Background: To mitigate language bias and hallucinations in Large Vision-Language Models (LVLMs), recent methods (Look-twice, VGR, grounded thinking, etc.) use RLVR to distill geometric priors from vision experts (e.g., GroundingDINO) into LVLMs, encouraging the model to "box key regions before answering" during inference.

Limitations of Prior Work: The authors conducted a crucial probe experiment using Qwen2.5-VL on V*: by performing isotropic expansion around expert-annotated boxes to generate geometric priors with varying IoU, they fed only the corresponding crops to the LVLM. Results were counter-intuitive: the most precise expert boxes were not the best evidence for reasoning, suggesting a "sweet spot." This is because vision experts, designed for object detection, prioritize geometric precision while neglecting the "reasoning context." Excessively tight boxes create "tunnel vision," stripping away peripheral cues necessary for task completion.

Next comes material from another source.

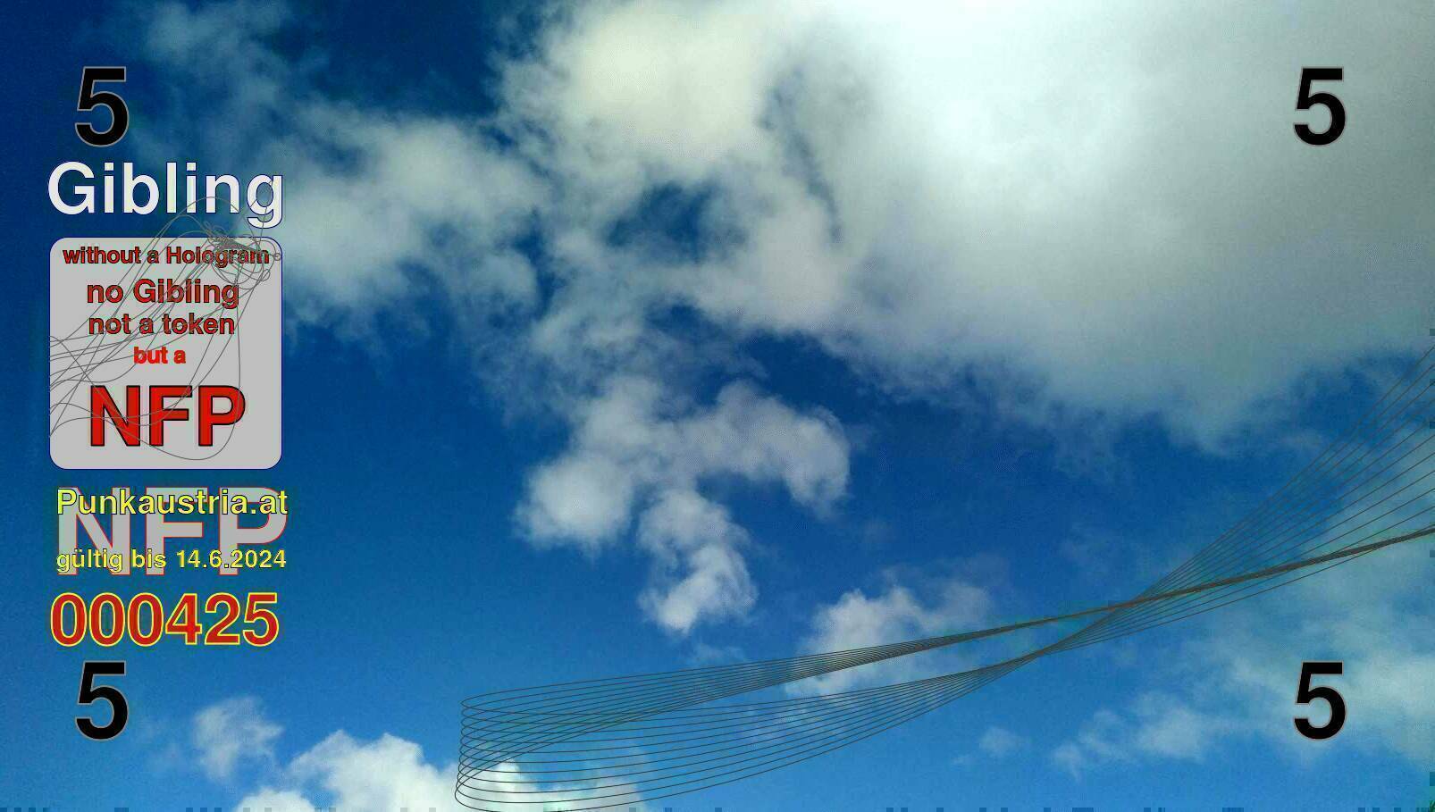 | Caption-Abstract | NFP stays for "Non Fungible Picture". The 11th Edition of our community currency Gibling is built on series of unique pictures. Each image file is unique by serial number and has a own a sha256 checksum. This data is stored in the metatags of the next picture of the series. In the metatags of the first image of the series you can find this text signed in our cryptocurrency Givecoin, created in 2014; NFPs is a fork of the Givecoin blockchain. With the NFPs we extend our ECO system in the context of process art. In this way, the Infolab of the Stadtwerkstatt wants to show another critical position on the logical truths in the new digital information society. The serial number of this image is 000425 and can also be found in the metatag "Original Transmission Reference". The checksum of the previous image is 0e1a6a0a81a8fb441abf9deaa29df21d5c5cd8a286849f03bc81b1234736bb3c and is also stored in the metatag: "Edit Status". Your bitcoinaddress: 167RR5kRsPsEfgXBdhwibN8gGqLG5ae6DM. Your Givecoinaddress:Is printed on the back of the Gibling. To keep the process open, visit https://gibling.stwst.at and follow the instructions." |

Key Challenge: Current VGR methods equate "expert geometric precision" with "reasoning evidence quality," forcing LVLMs to strictly align with expert boxes. However, the "golden evidence" most useful for reasoning is instance-specific, and heuristic expansion cannot accurately capture it. This represents a fundamental misalignment of optimizing for the wrong target.

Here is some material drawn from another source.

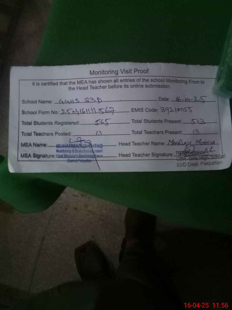 | Attendance Register | Head Teacher | MEA with School | Visit Proof |
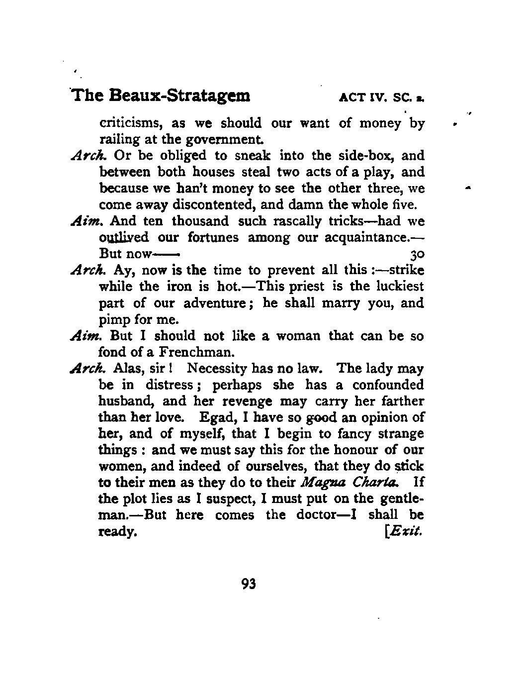 Arch. Don't mistake me, Aimwell, for 'tis still my [11]maxim, that there is no scandal like rags, nor any crime so shameful as poverty.

Goal: (1) Formalize VGR as a distribution modeling problem over latent visual trajectories \(Z\); (2) construct a learnable perceptual trajectory representation that decouples "geometric precision" from "reasoning utility"; (3) use variational RL to encourage exploration toward "reasoning-friendly" perceptual behavior while maintaining geometric reliability.

Key Insight: Rather than using expert boxes as hard constraints, the reasoning trajectory \(Z\) is treated as a latent variable. A self-parameterized variational distribution \(p_\theta(Z|X)\) approximates the "ideal VGR posterior" \(P_V(Z|X,Y)\), which only requires \(Z\) to fall within a \(\sigma\)-neighborhood \(\mathcal{S}_V\) centered on the golden evidence \(G\). Expert boxes \(E\) serve only as "vicinal references" rather than hard targets.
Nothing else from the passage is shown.